◆ **DATA BLOCK**
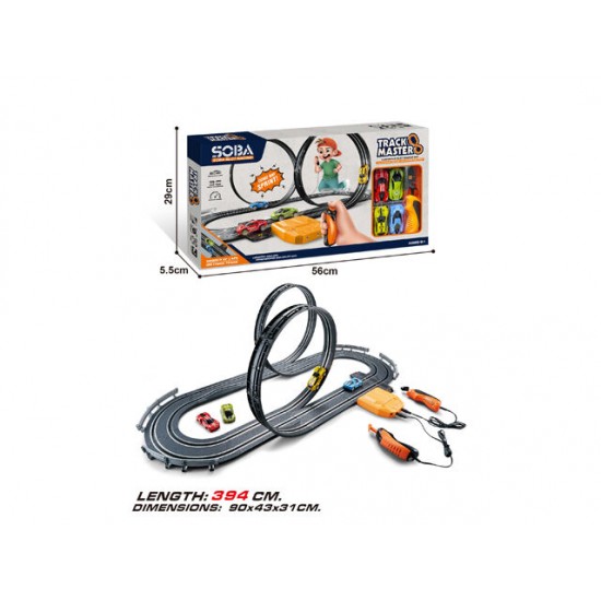 Set pista de curse cu 4 masinute cu telecomanda, 394 cm Track Master
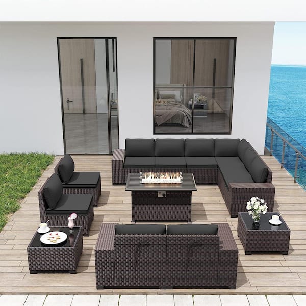 13-Piece Wicker Patio Conversation Set with 55000 BTU Gas Fire Pit Table and Glass Coffee Table and Black Cushions
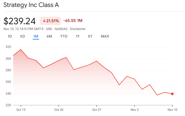 Apesar disso, o cenário não é apenas de otimismo. As ações da MSTR caíram mais de 27% em um mês, refletindo a retração do Bitcoin após recentes recordes históricos de valorização.

◆ **WHAT TO WORK ON**
What is needed is an exact copy of every line from the one with "13-Piece Wicker Patio" to the end of the listing above, with the pictures left out.

◆ **ANSWER SECTION**
 13-Piece Wicker Patio Conversation Set with 55000 BTU Gas Fire Pit Table and Glass Coffee Table and Black Cushions
 Apesar disso, o cenário não é apenas de otimismo. As ações da MSTR caíram mais de 27% em um mês, refletindo a retração do Bitcoin após recentes recordes históricos de valorização.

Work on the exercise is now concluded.